Question 24:  Give an example each for the mixture having the following characteristics. Suggest a suitable method to separate the components of these mixtures.
(a)  A volatile and a non-volatile component.
(b)  Two volatile components with appreciable difference in boiling points.
(c)  Two immiscible liquids.
(d)  One of the components changes directly from solid to gaseous state.
(e)  Two or more colored constituents soluble in some solvent.

Solution 24:

a)      Example: acetone and water mixture.

         Method: For separating a mixture of volatile and non-volatile materials, simple distillation can be used.

b)      Example: kerosene and petrol mixture.

           Method: Two volatile components with an appreciable difference in boiling points can be separated using simple distillation.

c)       Example: Mixture of water and mustard oil.

           Method: A mixture of immiscible liquids is separated by the Separating Funnel.

d)      Example: ammonium chloride mixture and common salt.

         Method: The mixture in which one part transitions directly from solid to gas may be distinguished by sublimation.

e)      Example: a mixture of various pigments from a flower petal extract.

         Method: It is possible to use the chromatography method to isolate two different substances found in the same solution.

Question 25:  Fill in the blanks.
(a) A colloid is a mixture and its components can be separated by the technique known as……….
(b)  Ice, water and water vapor look different and display different…….. Properties but they are………. the same.
(c) A mixture of chloroform and water taken in a separating funnel is mixed and left undisturbed for some time. The upper layer in the separating funnel will be of ……….and the lower layer will be that of …………. .
(d) A mixture of two or more miscible liquids, for which the difference in the boiling points is less than 25 K can be separated by the process called……………    
(e) When light is passed through water containing a few drops of milk, it shows a bluish tinge. This is due to the………….. of light by milk and the phenomenon is called ………………  This indicates that milk is a ………………solution.

Solution 25:

a)      A colloid is a heterogeneous mixture and its components can be separated by the technique known as centrifugation.

b)      Ice, water and water vapor look different and display different physical properties but they are chemically the same.

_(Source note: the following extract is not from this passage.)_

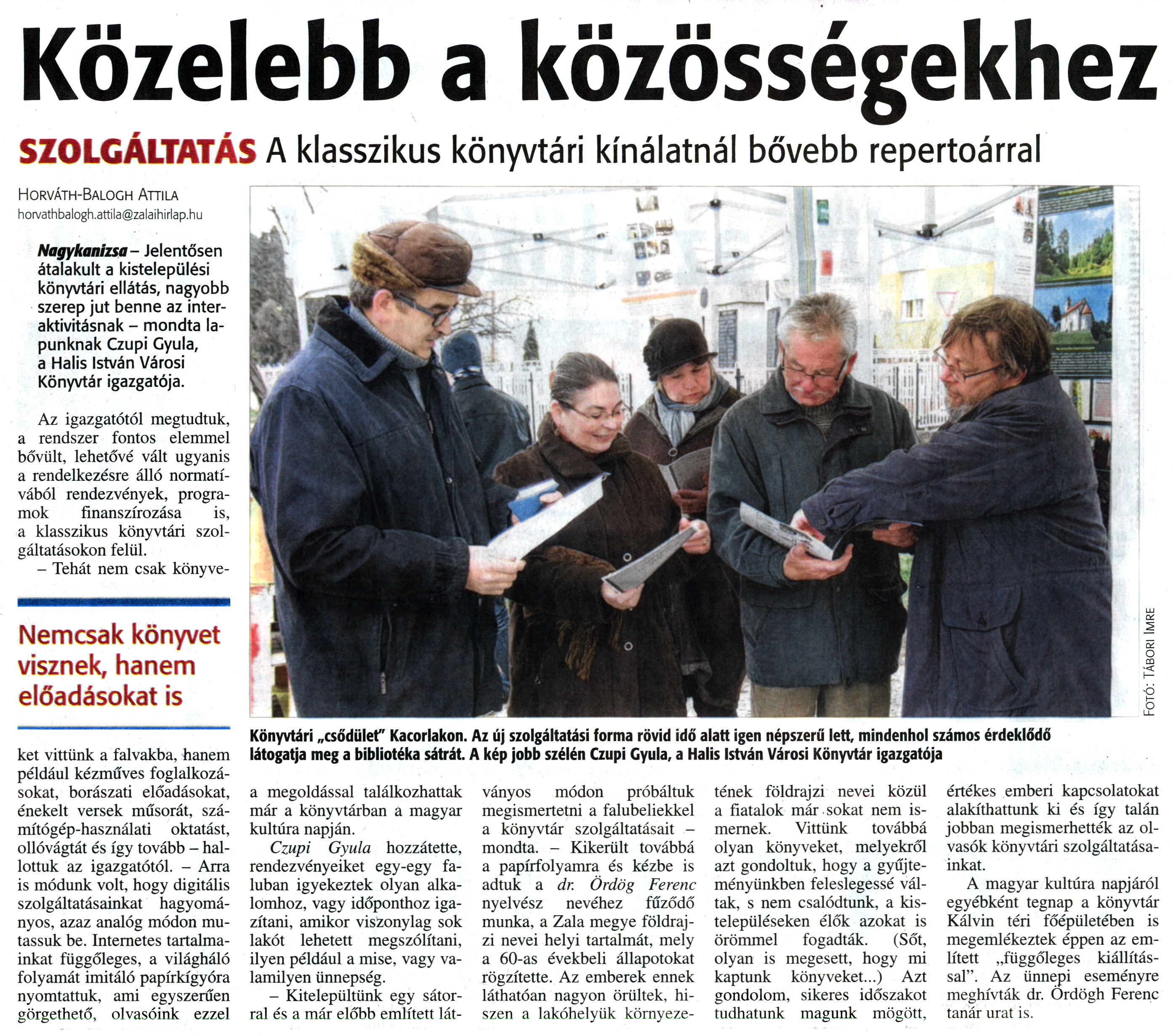 Nyilvános 2211 | 5273 | Zalai Hírlap 2014. január 23. 19. szám 11. oldal - Közelebb a közösségekhez | Közelebb a közösségekhez SZOLGÁLTATÁSA klasszikus könyvtári kínálatnál bővebb repertoárral Nemcsak könyvet visznek, hanem előadásokat is Horváth-Balogh Attila horvathbalogh.attila@zalaihirlap.hu Nagykanizsa - Jelentősen átalakult a kistelepülési könyvtári ellátás, nagyobb szerep jut benne az interaktivitásnak - mondta lapunknak Czupi Gyula, a Halis István Városi Könyvtár igazgatója. Az igazgatótól megtudtuk, a rendszer fontos elemmel bővült, lehetővé vált ugyanis a rendelkezésre álló normatívából rendezvények, programok finanszírozása is, a klasszikus könyvtári szolgáltatásokon felül. - Tehát nem csak könyveket vittünk a falvakba, hanem például kézműves foglalkozásokat, borászati előadásokat, énekelt versek műsorát, számítógép-használati oktatást, ollóvágtát és így tovább - hallottuk az igazgatótól. - Arra is módunk volt, hogy digitális szolgáltatásainkat hagyományos, azaz analóg módon mutassuk be. Internetes tartalmainkat függőleges, a világháló folyamát imitáló papírkígyóra nyomtattuk, ami egyszerűen görgethető, olvasóink ezzel a megoldással találkozhattak már a könyvtárban a magyar kultúra napján. Czupi Gyula hozzátette, rendezvényeiket egy-egy faluban igyekeztek olyan alkalomhoz, vagy időponthoz igazítani, amikor viszonylag sok lakót lehetett megszólítani, ilyen például a mise, vagy valamilyen ünnepség. - Kitelepültünk egy sátorral és a már előbb említett lát- ványos módon próbáltuk megismertetni a falubeliekkel a könyvtár szolgáltatásait -mondta. - Kikerült továbbá a papírfolyamra és kézbe is adtuk a dr. Ördög Ferenc nyelvész nevéhez fűződő munka, a Zala megye földrajzi nevei helyi tartalmát, mely a 60-as évekbeli állapotokat rögzítette. Az emberek ennek láthatóan nagyon örültek, hiszen a lakóhelyük környezetének földrajzi nevei közül a fiatalok már sokat nem ismernek. Vittünk továbbá olyan könyveket, melyekről azt gondoltuk, hogy a gyűjteményünkben feleslegessé váltak, s nem csalódtunk, a kistelepüléseken élők azokat is örömmel fogadták. (Sőt, olyan is megesett, hogy mi kaptunk könyveket...) Azt gondolom, sikeres időszakot tudhatunk magunk mögött. értékes emberi kapcsolatokat alakíthattunk ki és így talán jobban megismerhették az olvasók könyvtári szolgáltatásainkat. A magyar kultúra napjáról egyébként tegnap a könyvtár Kálvin téri főépületében is megemlékeztek éppen az említett „függőleges kiállítással". Az ünnepi eseményre meghívták dr. Ördög Ferenc tanár urat is. Könyvtári „csődület" Kacorlakon. Az új szolgáltatási forma rövid idő alatt igen népszerű lett, mindenhol számos érdeklődő látogatja meg a bibliotéka sátrát. A kép jobb szélén Czupi Gyula, a Halis István Városi Könyvtár igazgatója Fotó: Tábori Imre |

c)       A mixture of chloroform and water taken in a separating funnel is mixed and left undisturbed for some time. The upper layer in the separating funnel will be of water and the lower layer will be that of chloroform (It is because water is lighter than chloroform).

d)      A mixture of two or more miscible liquids, for which the difference in the boiling points is less than 25 K, can be separated by the process called fractional distillation.

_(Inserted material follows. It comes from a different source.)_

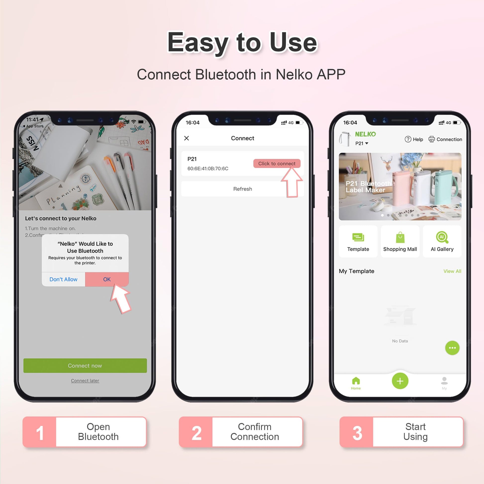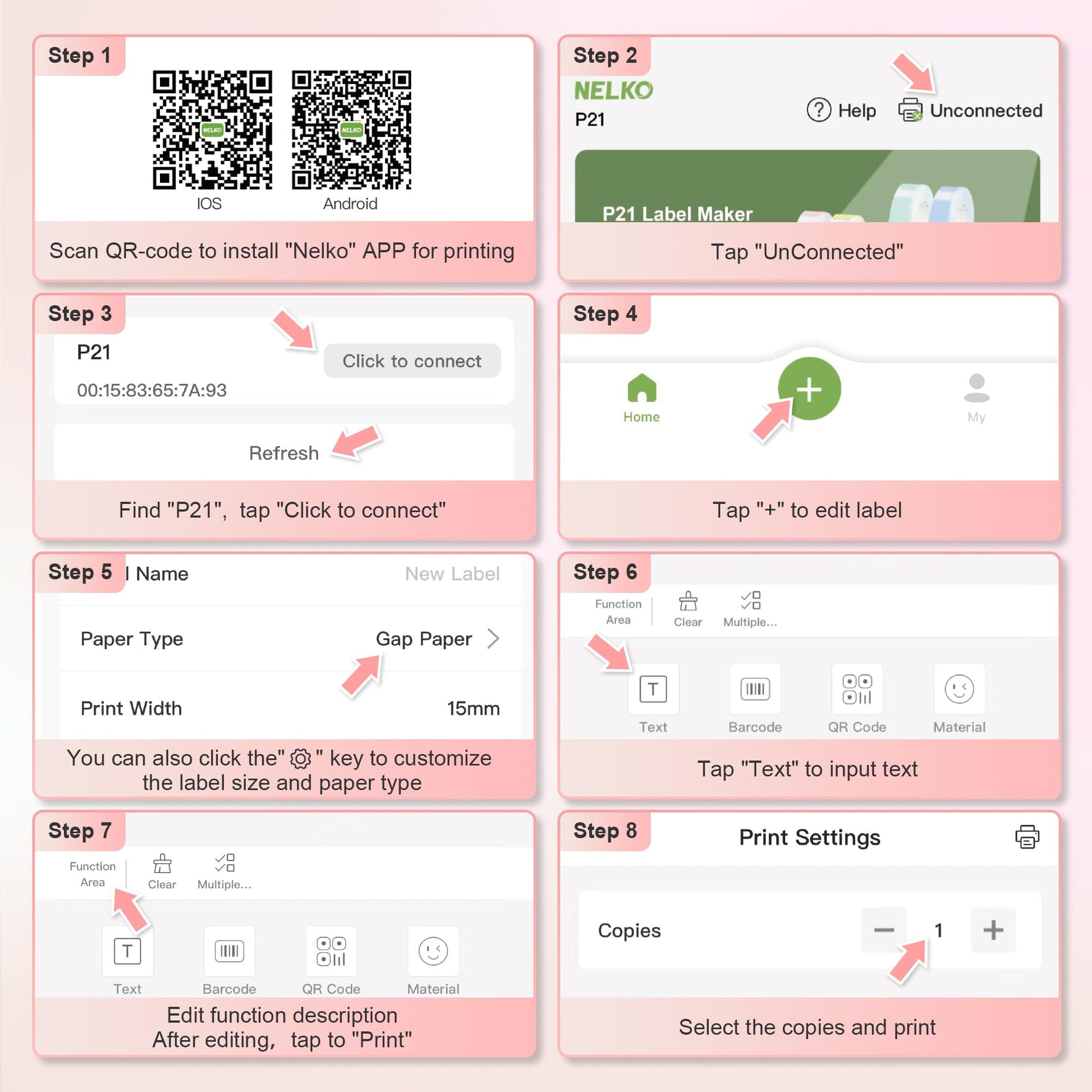 - ✅【Easy to Use】NELKO label printer compatible with IOS & Android Phone via bluetooth connection. Step 1: Download "Nelko" APP from Google Play or App Store. Step 2: Install the paper roll. Step 3: Connect the P21 bluetooth within APP. Step 4: Choose a quick template and start printing. It is not compatible with Google phones on Android 14. This label maker machine with tape APP included more than 90 +Fonts, 10+ Languages, 450+ Materials. (Note: This label maker doesn't work with computers)

e)      When light is passed through water containing a few drops of milk, it shows a bluish tinge. This is due to the scattering of light by milk and the phenomenon is called Tyndall effect. This indicates that milk is a colloidal solution.

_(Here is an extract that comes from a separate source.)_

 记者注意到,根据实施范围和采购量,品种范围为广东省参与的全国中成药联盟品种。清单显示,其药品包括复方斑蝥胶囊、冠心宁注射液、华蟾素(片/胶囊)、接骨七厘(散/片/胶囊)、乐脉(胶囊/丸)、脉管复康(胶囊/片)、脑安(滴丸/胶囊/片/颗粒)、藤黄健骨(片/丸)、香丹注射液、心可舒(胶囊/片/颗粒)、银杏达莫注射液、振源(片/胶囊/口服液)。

Question 26:  Sucrose (sugar) crystals obtained from sugarcane and beetroot are mixed together. Will it be a pure substance or a mixture? Give reasons for the same.

Solution 26:   According to the law of constant composition or definite proportions; it is often considered, irrespective of the source of a chemical substance, to be composed of the same elements mixed in the same fixed proportion by mass.

Thus, it would be a pure material in the light of the law above. That is because sugar obtained from various sources, such as sugar cane and beetroot, would have the same structure.

Question 27:   Give some examples of Tyndall effect observed in your surroundings?

Solution 27:    Examples of the Tyndall effect:

i)        As when the sun passes through a dense forest canopy.

ii)       When, through a tiny hole, a fine beam of light enters a dark space.

Question 28:  Can we separate alcohol dissolved in water by using a separating funnel? If yes, then describe the procedure. If not, explain.

Solution 28:   No, by using a separating funnel, alcohol cannot be isolated from water because alcohol in water is totally miscible.

Question 29:  On heating calcium carbonate gets converted into calcium oxide and carbon dioxide.
(a) Is this a physical or a chemical change?
(b) Can you prepare one acidic and one basic solution by using the products formed in the above process? If so, write the chemical equation involved.

Solution 29:

(a) it is a chemical alteration in the given phenomenon in question since the composition of the product produced differs from the substance taken. The reaction that is involved is
                                            CaC0₃   →    CaO         +         C0₂
                                            Calcium carbonate      Calcium oxide    Carbon dioxide
(b) Yes,
(i) When CaO dissolves in water, forms the basic solution that is calcium hydroxide.
                                          CaO(s) + H₂0(Z) → Ca(OH)₂(ag)
                                                                         Calcium hydroxide
(ii) When CO2(g) dissolves in water, forms  the acid solution that is carbonic acid.
                                         C0₂(g)+ H₂0(/) → H₂C0₃(ag)
                                                                       Carbonic acid

Question 30:  Non-metals are usually poor conductors of heat and electricity. They are non-lustrous, non-sonorous, non-malleable and are colored.
(a)   Name a lustrous non-metal.
(b)   Name a non-metal which exists as a liquid at room temperature.
(c)   The allotropic form of a non-metal is a good conductor of electricity. Name the allotrope.
(d)  Name a non-metal which is known to form the largest number of compounds.
(e)   Name a non-metal other than carbon which shows allotropy.
(f)   Name a non-metal which is required for combustion.

Solution 30:

a)      The lustrous non-metal is iodine.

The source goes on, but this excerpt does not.